The obvious next step was to forgo flying, but still have exciting holidays, so train was the obvious solution.

Go by train or don’t go

Retirement was meant to be one long trip – Easter Island, Chile, New Zealand were high on the agenda – but I just couldn’t do it anymore. 

I understand the unfairness of this – we’ve been adventuring, we’ve done a lot of what we wanted to do. This challenge is so much more demanding if you’re young and should have everything before you. but don’t lose heart – it’s still all there to go for. 

The train can be a brilliant adventureWe’ve had some of our best adventures on the train and met fascinating people along the way – the little Romania boy who brought his drum and performed a duet with John on the spoons, watched by all his friends and relations; sitting up in bed with a cuppa watching the Carpathian mountains slide by; the carriage of people who thanked we Brits for blowing up the  Gorgopotamos Bridge, stopping the Nazi’s reaching Athens. 

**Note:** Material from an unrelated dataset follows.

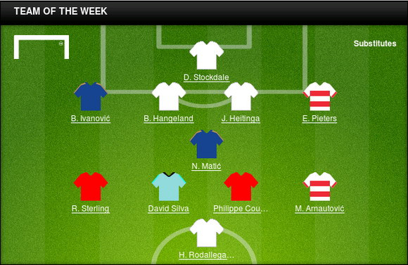 Ở bên phía cánh phải là sự xuất hiện của Branislav Ivanovic. Đây là lần đầu tiên mà anh có tên trong ĐHTB của Premier League ở mùa giải năm nay. Hậu vệ người Serbia đã có một màn trình diễn rất thuyết phục trong chiến thắng 1-0 của Chelsea trên sân của Swansea. Bên cánh đối diện Erik Pieters của Stoke. Cầu thủ Hà Lan này là tác giả của bàn thắng duy nhất trong cuộc đối đầu với Newcastle United.

The trick is to leave time for the journey if you can manage it. It becomes a whole holiday on its own. That first adventure from home to Athens took us nine days, with stays in Vienna, Budapest, Bucharest, Hotnitsa (Bulgaria) and Thessaloniki along the way. We could have done it in two sleeps, but this was so much more exciting.

From Home to Marrakech

An invite to join in a trip to Marrakech at first made me sad – it would have been lovely to adventure with kids and grandkid. But then I stopped being so defeatist and went on line to The Man at Seat 61 Turns out it can be done quite easily. And could include a short stop off in Granada on the way back, which I’ve always wanted to see.

So caring for the planet and travel are not totally at odds. Travel in Europe is easy – trains link up, run to time and are warm and comfortable. Of course there are hiccups, but then there are plenty of those by plane too. And I do realise that while many trains in Europe are electric there will still be some diesel, but it’s still much less pollution that flying in a tin box.

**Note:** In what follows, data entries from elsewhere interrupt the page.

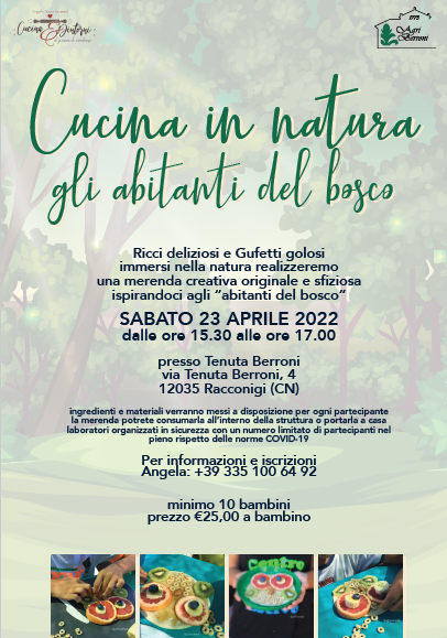 È tutto rivolto ai bimbi, da 5 agli 11 anni, il corso "Cucina in natura: gli abitanti del bosco" che Agri Berroni in collaborazione con il Laboratorio Cucina Creativa di Rivoli organizza per il 23 aprile dalle 15.30 alle 17 nei campi di lavanda della storica tenuta alle porte di Racconigi.
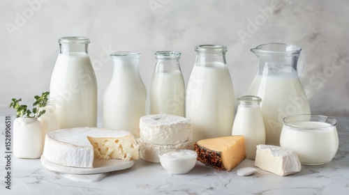 Assortment of fresh dairy products elegantly displayed on a marble-like surface, featuring various glass bottles filled with milk, including tall slender ones and a large jug brimming with milk. Cream
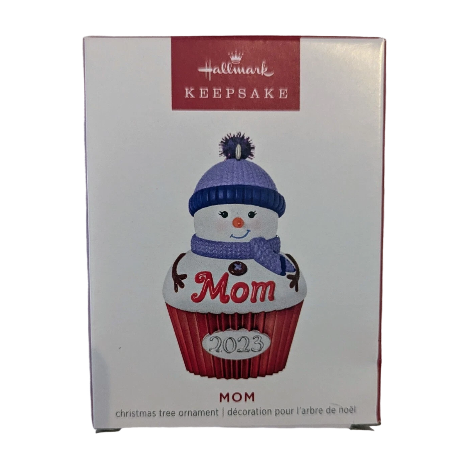 This 2023 Keepsake ornament features a charming snow-lady styled as a cupcake—bundled up in a winter hat and scarf with a pom-pom, and accented with the inscription “Mom 2023”. The ornament is part of Hallmark’s “Cupcake Snow Family” collection and pairs beautifully with coordinating “Dad”, “Daughter” and “Son” versions to build a themed family tree display. The size is compact, making it a sweet gift for Mom that fits easily on a tree or ornament hook.
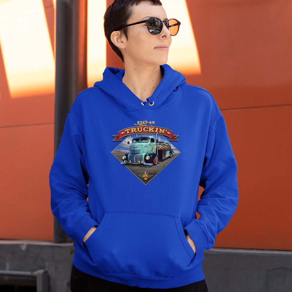 KEEP ON TRUCKIN' sweatshirt route 66 retro vintage truck driver hoodie royal blue

There is something so satisfying about leaving home and starting straight away without all that messing about with check in and security. Not to mention seeing where we’re going and visiting all the places in between.

Take a look at Man in Seat 61. Put in any journey you can think of and scroll through. See the trains, the restaurant car, the views and best hotels – it’s all there for you. This way you can have the adventure without the tension and worry. Get on that train and see the world!